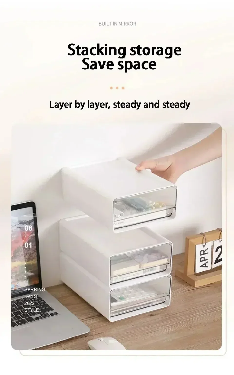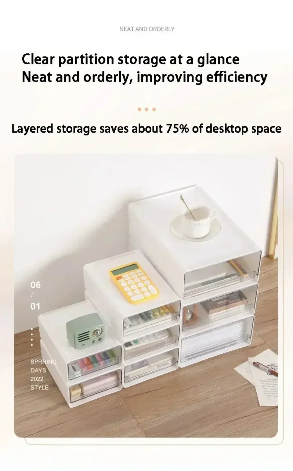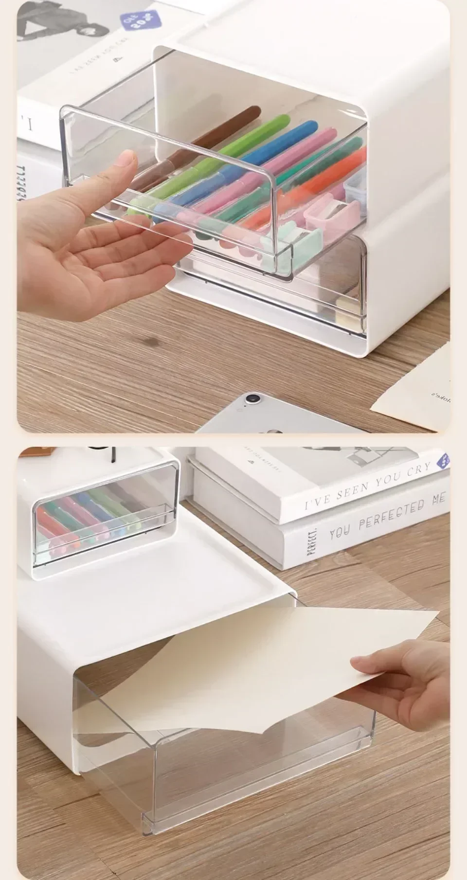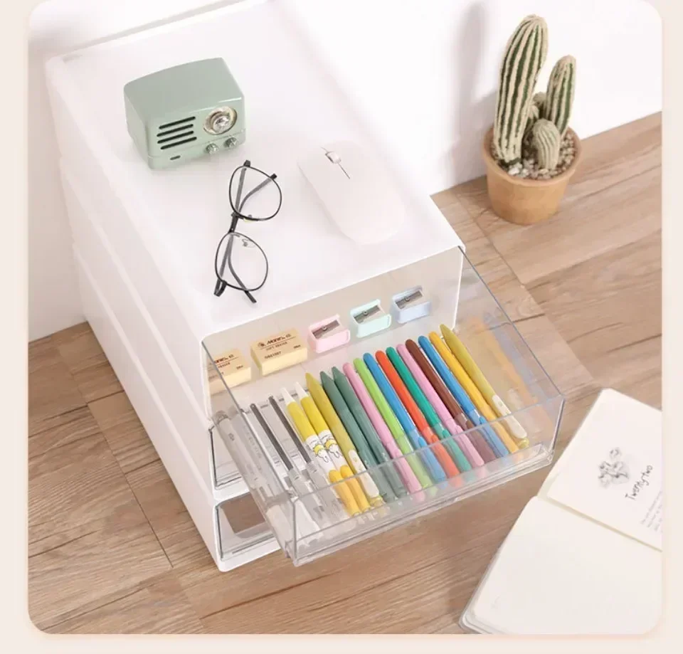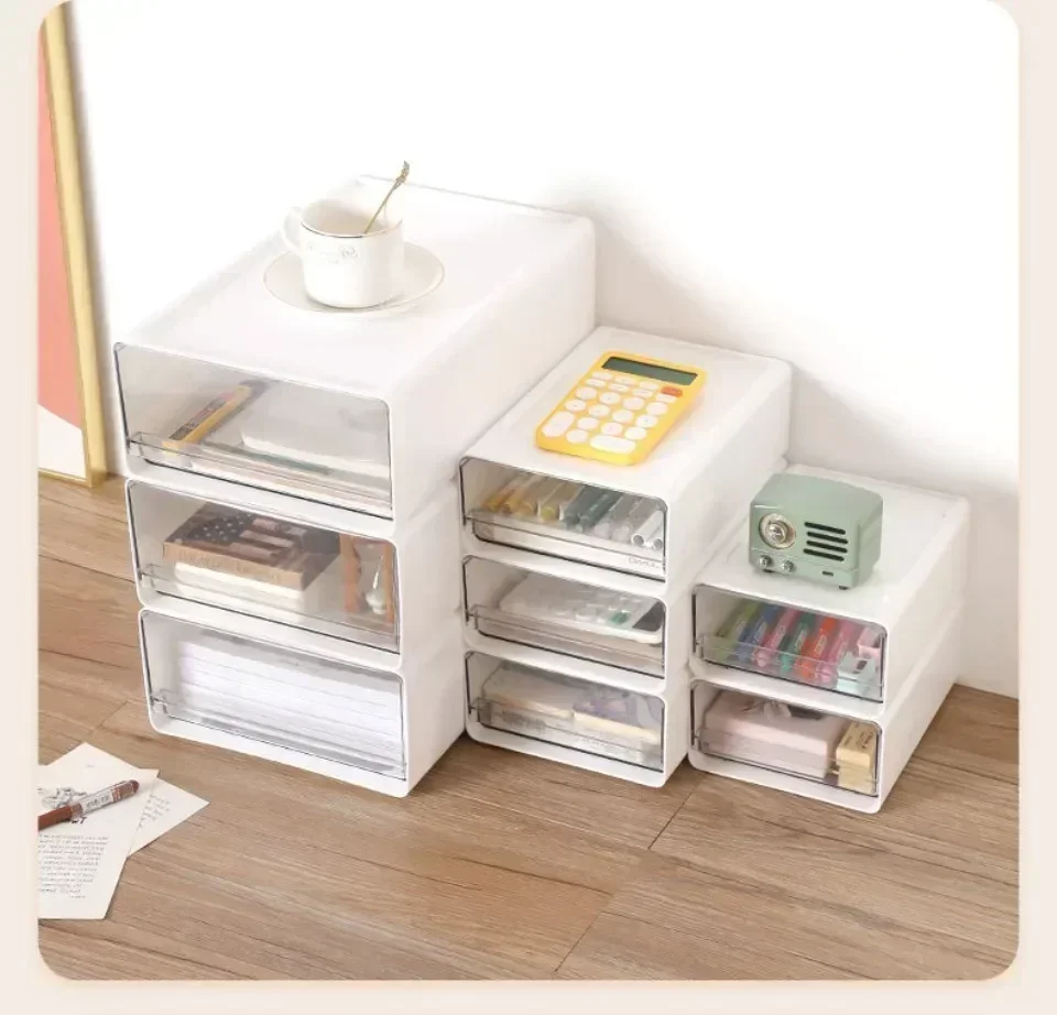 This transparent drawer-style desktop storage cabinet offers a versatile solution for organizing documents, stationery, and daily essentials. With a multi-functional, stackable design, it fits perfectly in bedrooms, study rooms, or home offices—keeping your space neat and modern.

==

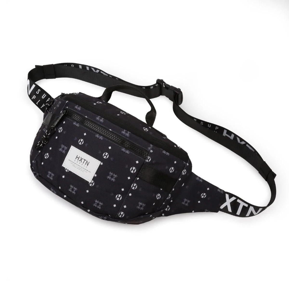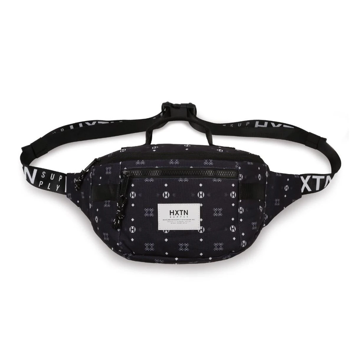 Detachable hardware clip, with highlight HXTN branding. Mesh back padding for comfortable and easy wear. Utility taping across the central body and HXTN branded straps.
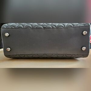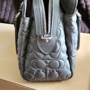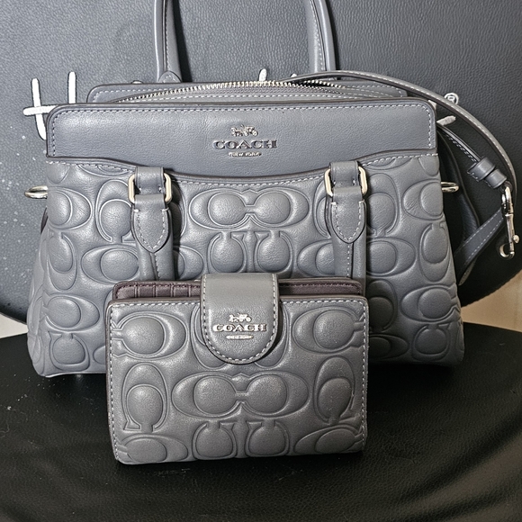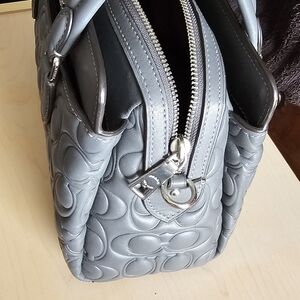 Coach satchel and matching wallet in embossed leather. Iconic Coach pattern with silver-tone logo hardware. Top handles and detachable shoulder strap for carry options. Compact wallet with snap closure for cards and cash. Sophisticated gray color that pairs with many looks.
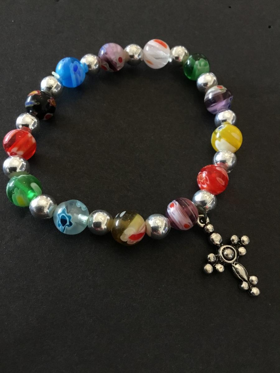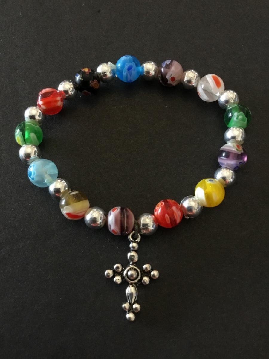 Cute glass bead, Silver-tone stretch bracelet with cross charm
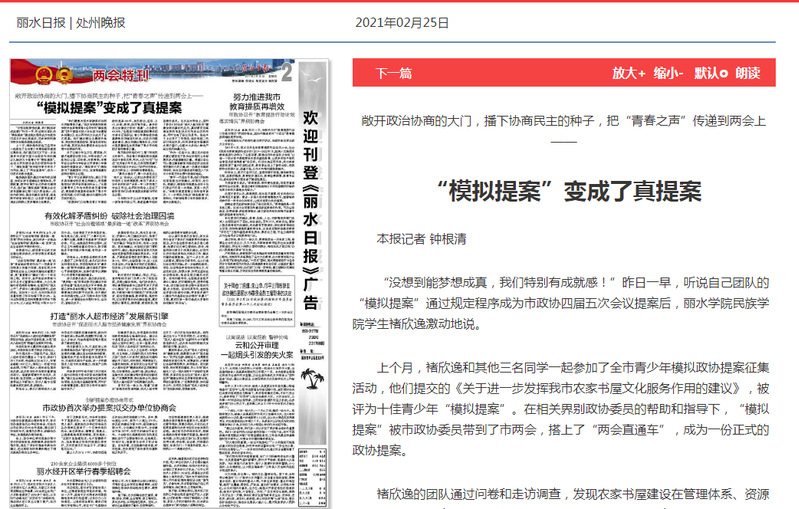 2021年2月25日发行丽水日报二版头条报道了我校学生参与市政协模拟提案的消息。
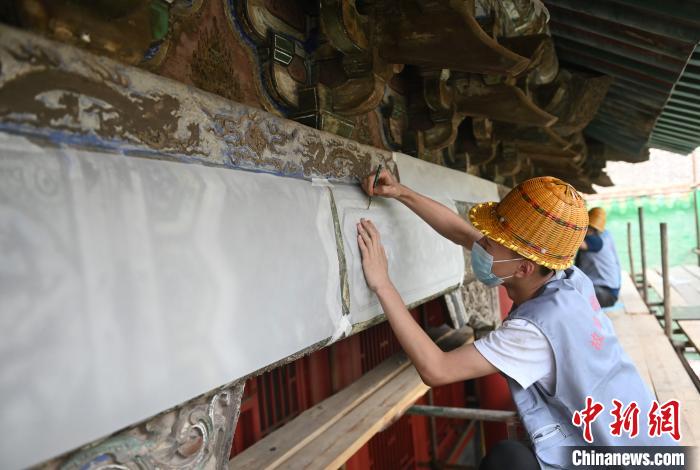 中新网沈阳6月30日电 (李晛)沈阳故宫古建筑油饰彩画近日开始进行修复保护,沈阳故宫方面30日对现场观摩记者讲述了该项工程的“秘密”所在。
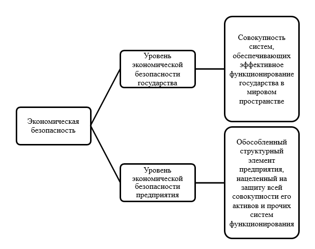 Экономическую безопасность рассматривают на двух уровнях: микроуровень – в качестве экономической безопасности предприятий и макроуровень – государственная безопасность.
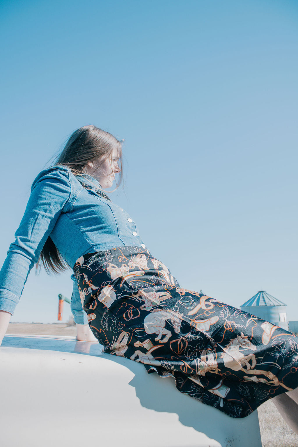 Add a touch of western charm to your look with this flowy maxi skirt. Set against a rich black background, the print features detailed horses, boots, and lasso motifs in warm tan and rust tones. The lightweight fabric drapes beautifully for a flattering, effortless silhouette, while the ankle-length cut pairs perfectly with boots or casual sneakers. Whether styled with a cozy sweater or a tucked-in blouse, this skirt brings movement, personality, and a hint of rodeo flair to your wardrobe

● **WORK ORDER**: Within the entries above, give again exactly the lines starting at the one that contains "Detachable hardware clip, with" and ending at the one that contains "Экономическую безопасность рассматривают", leaving out the pictures.

● **REPLY**:
 Detachable hardware clip, with highlight HXTN branding. Mesh back padding for comfortable and easy wear. Utility taping across the central body and HXTN branded straps.
 Coach satchel and matching wallet in embossed leather. Iconic Coach pattern with silver-tone logo hardware. Top handles and detachable shoulder strap for carry options. Compact wallet with snap closure for cards and cash. Sophisticated gray color that pairs with many looks.
 Cute glass bead, Silver-tone stretch bracelet with cross charm
 2021年2月25日发行丽水日报二版头条报道了我校学生参与市政协模拟提案的消息。
 中新网沈阳6月30日电 (李晛)沈阳故宫古建筑油饰彩画近日开始进行修复保护,沈阳故宫方面30日对现场观摩记者讲述了该项工程的“秘密”所在。
 Экономическую безопасность рассматривают на двух уровнях: микроуровень – в качестве экономической безопасности предприятий и макроуровень – государственная безопасность.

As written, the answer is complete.